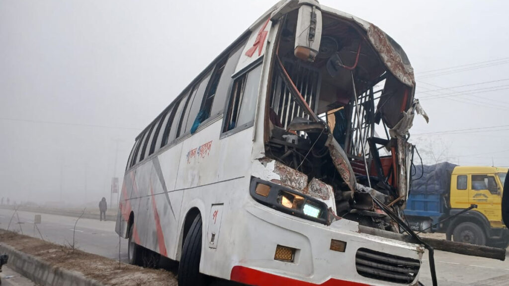 অন্যদিকে, হাইওয়ে পুলিশের রংপুর জোনের এসপি মোহাম্মদ তারিকুল ইসলাম জানান, সকাল পৌনে ৮টার দিকে রংপুর-ঢাকা মহাসড়কের পীরগঞ্জ বড়দরগাহ হাইওয়ে ফ্লাইওভারের দক্ষিণ পাশে সাতক্ষীরা শ্যামনগর থেকে ছেড়ে আসা সাদিকা তালুকদার এন্টারপ্রাইজ রাস্তারপাশে যাত্রী নামাচ্ছিলো। এ সময় ঘন কুয়াশার কারণে রংপুরগামী রংপুর এক্সপ্রেস পেছন দিক থেকে ধাক্কা দেয়। এতে দুটি বাসই দুমড়ে মুচড়ে যায়। ঘটনাস্থলেই মারা যায় সাতক্ষীরার কালিগঞ্জের পশিমী মৌতলা খানাবাড়ি এলাকার মৃত সামদানি খানের পুত্র আসলাম খান (৪৫)। এতে দুটি বাসের ২০ জন যাত্রী আহত হয়েছে। আহতদের মধ্যে ৬ জনকে রংপুর মেডিকেল কলেজ হাসপাতালে ভর্তি করা হয়েছে।
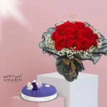 • باقة ورد جوري فاخرة: ورود حمراء نضرة مغلفة باللون الأسود الملكي لتعبر عن الرقي والاهتمام.
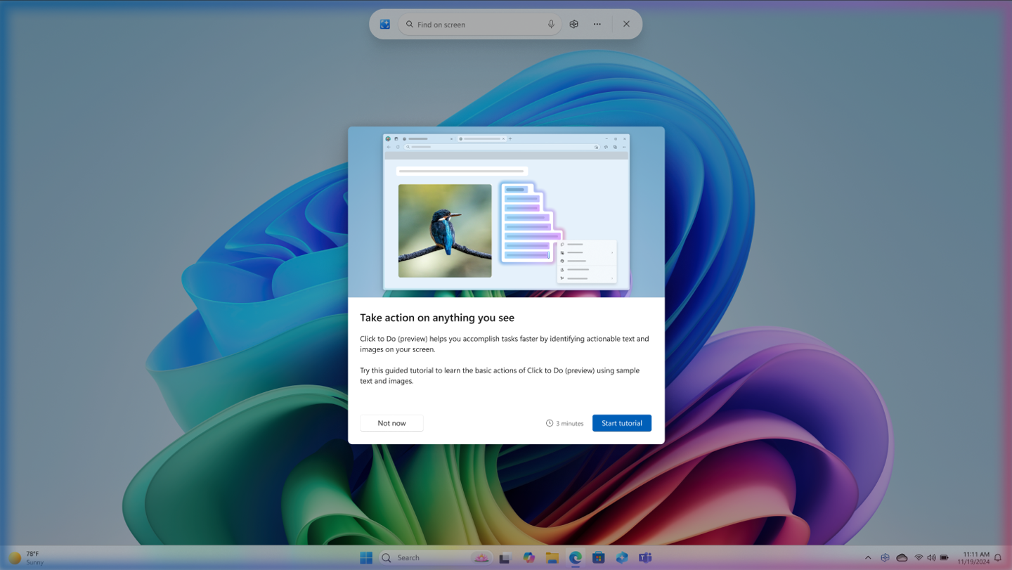 微软针对 Windows 11 AI+ PC 设备,推出了新的 Click to Do 教程。用户首次启动“点击执行”后,系统会提供快速交互式教程,向用户展示如何更快地完成任务。在本教程中,用户将对文本和图像执行作,因此您将了解如何快速获取大块文本的摘要或从图像中删除背景。您可以随时通过选择 ...,然后选择 " 开始教程 " 来重新访问本教程。
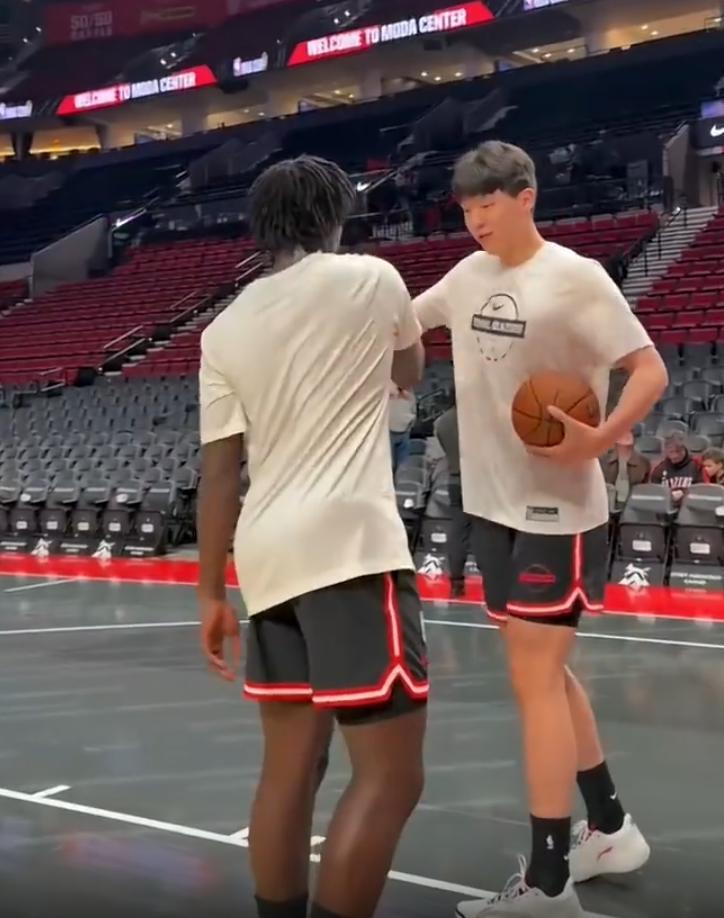 開拓者官方賽前曬出楊瀚森在主場訓練備戰馬刺的視頻。
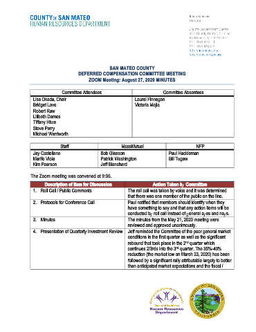 3. Minutes The minutes from the May 21, 2020 meeting were
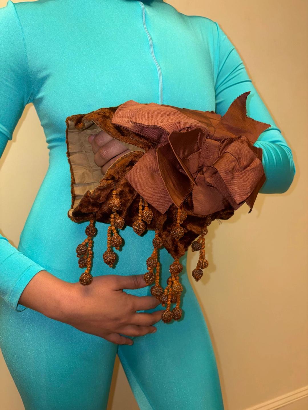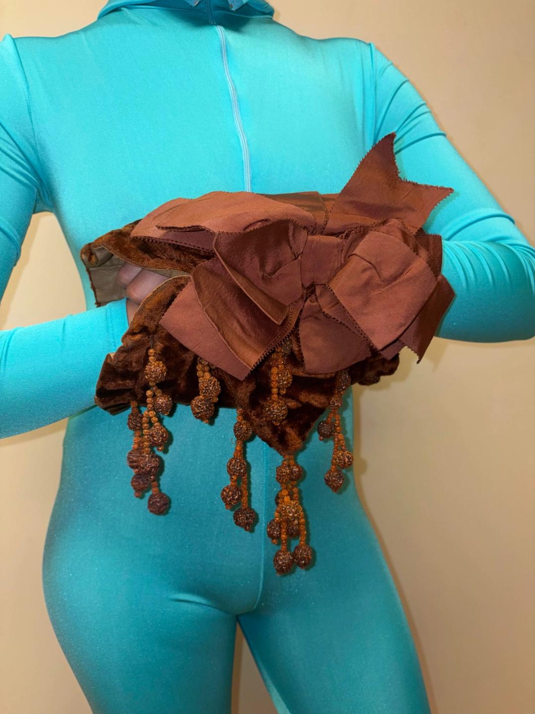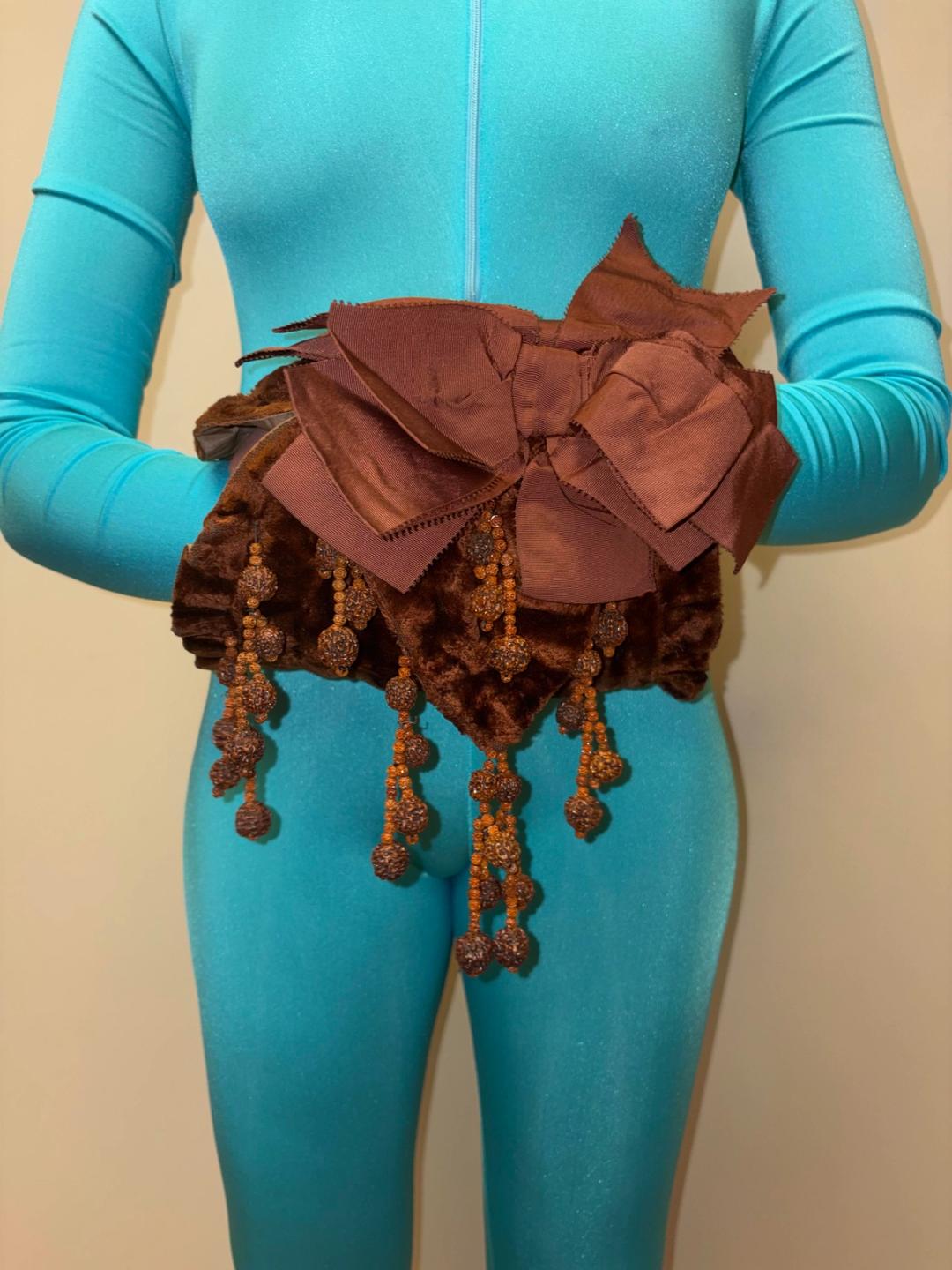 Early 20th century muff made with brown velveteen and lined with gathered silk. Decorated with dangling seed beads and matching grosgrain ribbon. In excellent antique condition, strong and wearable.

(What you will do): Write out verbatim the lines from the one containing "微软针对 Windows 11" through the last line of the listing above, and no other lines; omit pictures.

(Response to the exercise):
 微软针对 Windows 11 AI+ PC 设备,推出了新的 Click to Do 教程。用户首次启动“点击执行”后,系统会提供快速交互式教程,向用户展示如何更快地完成任务。在本教程中,用户将对文本和图像执行作,因此您将了解如何快速获取大块文本的摘要或从图像中删除背景。您可以随时通过选择 ...,然后选择 " 开始教程 " 来重新访问本教程。
 開拓者官方賽前曬出楊瀚森在主場訓練備戰馬刺的視頻。
 3. Minutes The minutes from the May 21, 2020 meeting were
 Early 20th century muff made with brown velveteen and lined with gathered silk. Decorated with dangling seed beads and matching grosgrain ribbon. In excellent antique condition, strong and wearable.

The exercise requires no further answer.